Fortunately I can now look back at my childhood and school years without my heart always sinking to the bottom of my stomach – thanks to good therapy and enlightened friends.

My parents brought me up as a devout Roman Catholic (not their fault); school lessons were peppered with guilt and shame; the teachers were mean – apart from the free-thinking Drama and English teachers; and there was little academia to speak off. Religious education was considered more important than maths (four and three lessons a week, respectively). Couple that with Section 28 and you end up with years of self-hatred and trauma that lingers like a zealous nun with the worst halitosis imaginable hovering above you in the classroom.

Those years are widely considered to be some of the most important of one’s life, and innumerable gay people had them ruined because of society’s obsession with shame.

Thankfully I left my hometown as soon as I could and hotfooted it to London – such a cliché, a fabulous one nonetheless – and never looked back.

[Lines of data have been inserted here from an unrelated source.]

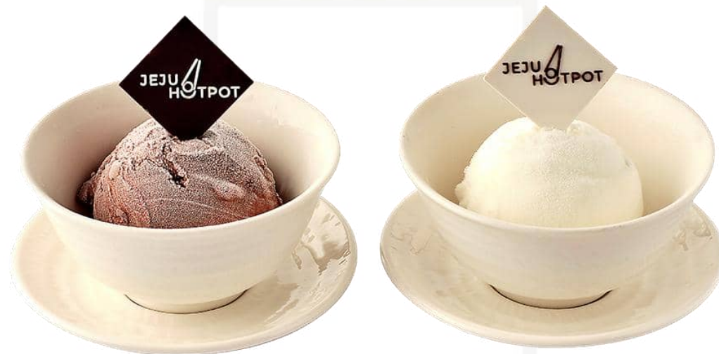
自製雪糕 Homemade Ice Cream 8 / 單球 Single 12 / 雙球 Double

價格均以韓元1,000結尾為單位計算，並已包含10%稅費及10%服務費 Prices are in Korean Won at 1,000 value and include 10% tax and 10% service charge
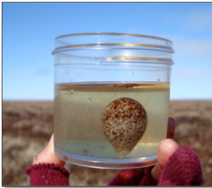
Floating shorebird eggs allows researchers to age the egg and calculate nest initiation date.

important for understanding population trends. We have little data on conditions encountered outside of the breeding season or how these conditions carry over to influence individual fitness and population dynamics. Cape Krusenstern National Monument (CAKR) is important for breeding shorebirds, yet they spend nine months each year away from their breeding grounds. We are attempting to evaluate seasonal carry-over effects that may influence individual fitness and population dynamics. The objectives of this research are to (1) compare historic and contemporary data on shorebird communities to examine changes in species presence and abundance, habitat use, and phenology; and (2) understand the effects of ecological conditions outside of the breeding season on the subsequent reproductive success of individual shorebirds. I will compare historic data and data recently collected through the Arctic Shorebird Demographic Network. I will measure corticosterone present in winter-grown feathers and relate levels to nest initiation date, clutch and egg size, and hatching success. Field data are still being collected. This work can improve development of international, scientific-based strategies to manage arctic-breeding shorebirds.
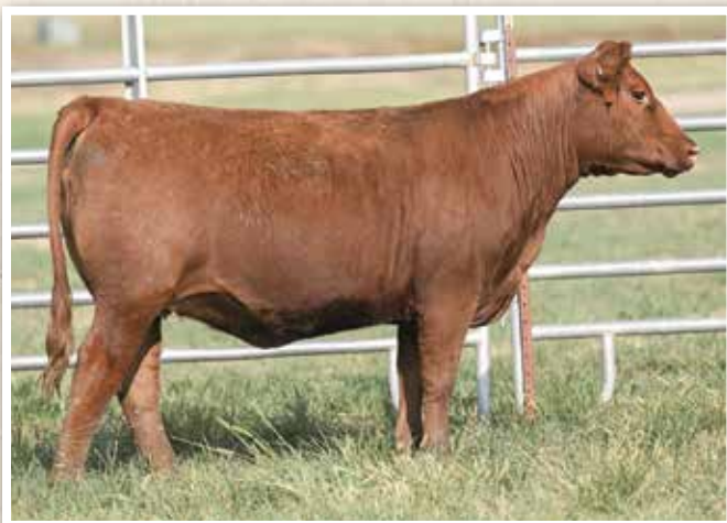
LOT 288 • Jeffries Ms Christine H321

A paternal sister to Lot 286 with even more performance! She posts a 871 lb. WW to ratio 134 and like her sister ranks in the top percentages for growth and carcass EPDs. They are both carrying calves by EGL Guidance 9117. AI BRED ON 2/14/22 TO EGL GUIDANCE 9117 (RAAA:4208972). PE FROM 3/5/22 TO 5/10/22 TO EGL GUIDANCE 9117 (RAAA:4208972). DUE: 1/14/23
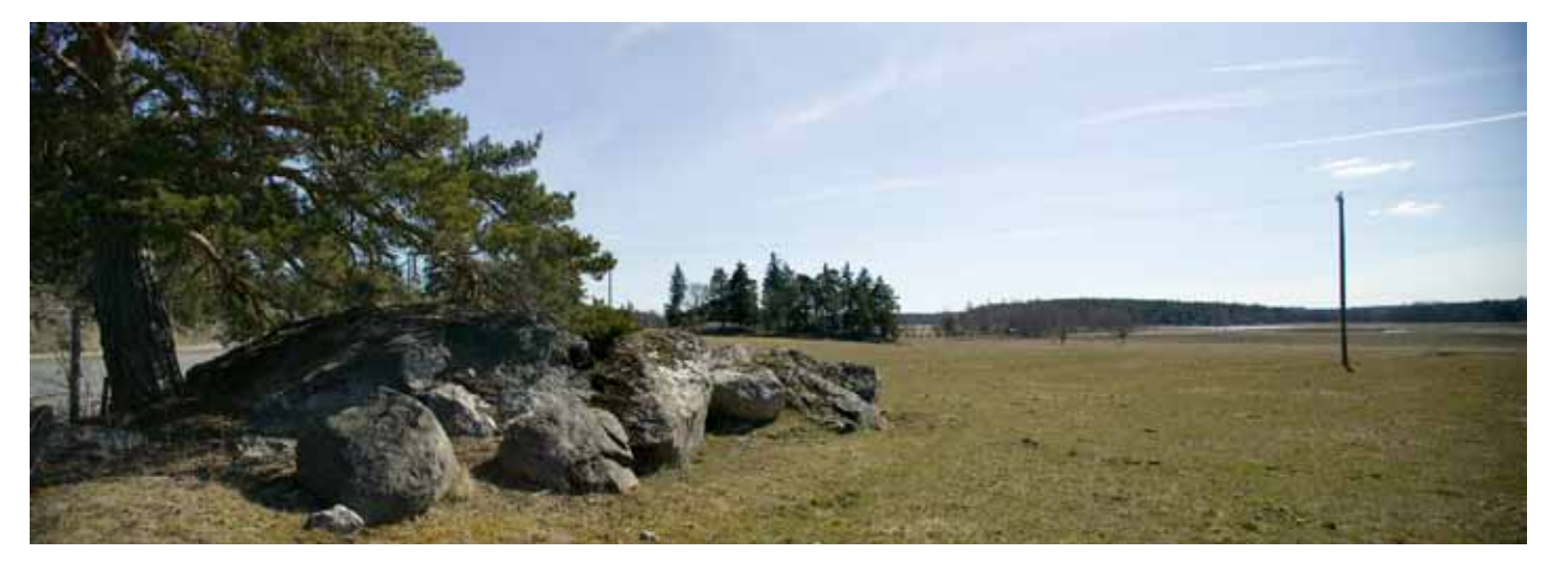
Rauvolanlahti, Finland (see case study 4.8)

and innovations. The case studies illustrate vividly that it takes time, skill, education, courage and creativity to build understanding and trust amongst stakeholders so that they can adhere to and support - through their activities - the main purpose of the nature directives as a new legislation for our common European heritage.
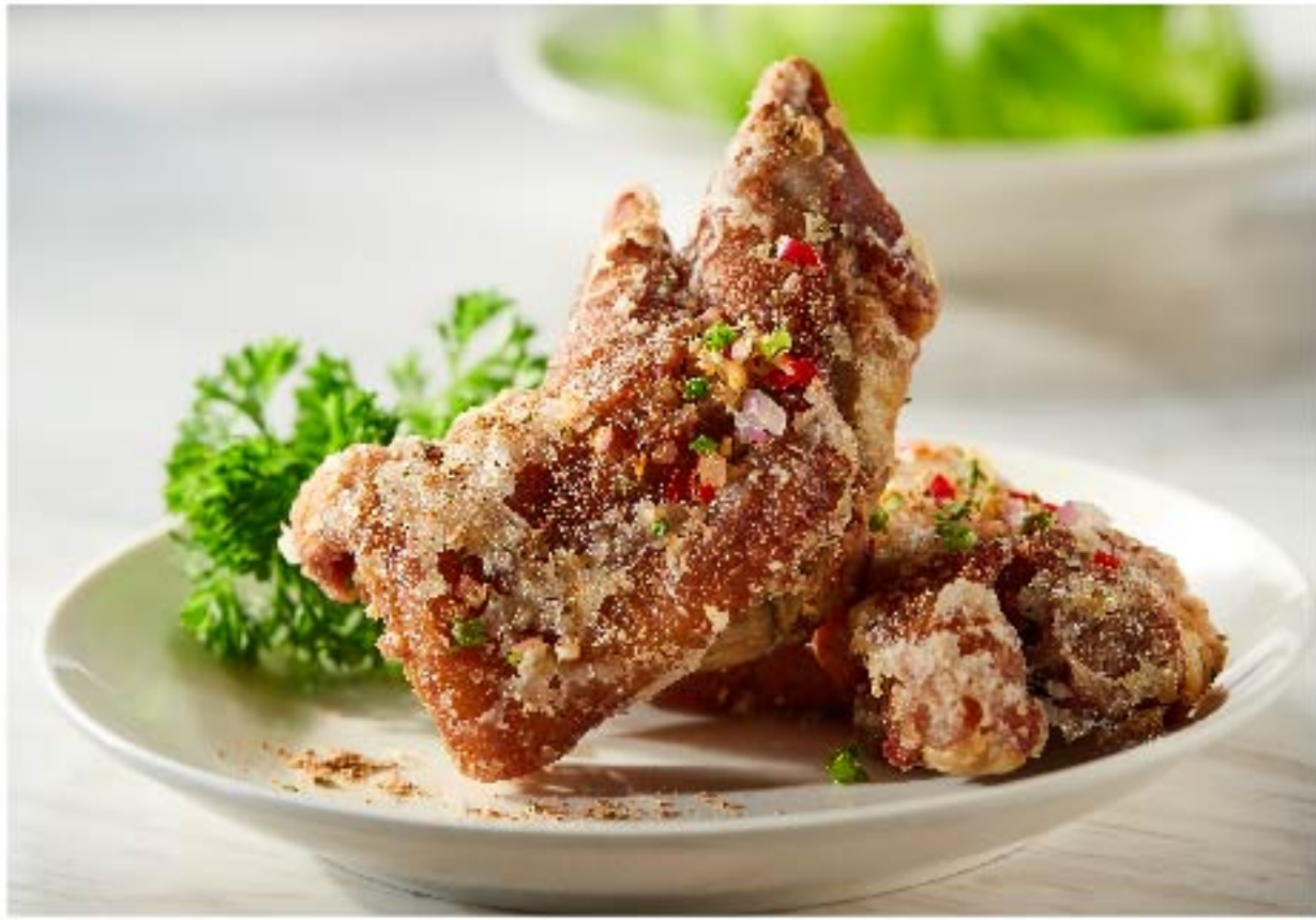
椒盐猪手 Deep-fried Pork Trotters with Salt & Pepper

澳门元 MOP 58 件(pc) 2件起售 (Minimum order 2 pcs)

After quite a few years of hanging around gay bars cruising for cock in the shadows with fellow cisgender males only, I fell into a crowd and sub-scene that opened my eyes to sex positivity; my newfound lesbian, trans and non-binary friends challenged the deep-rooted prejudices that had been hammered into me from an early age. It felt like something had finally been unlocked within me.

I would never profess that I’m now a fully liberated sexual being; who on earth truly is? I think most of us harbour shame that’s been brought about by life experiences. Some of us have been lucky and managed to quell it somewhat. That in itself is liberation.

The key point is, wherever you lie on the shame-o-meter, however you’re dealing with those inner demons, try not to judge others by the standards that have been imposed on you by a self-righteous society, or an invisible omnipresent being. Because who said your standards are the right ones? What even is right and normal? Don’t be like Thatcher. Aim to be like Rebecca More.

Mix with people you wouldn’t ordinarily mix with. Learn from them. Open your mind. Share your innermost thoughts and desires. Fuck the shame away!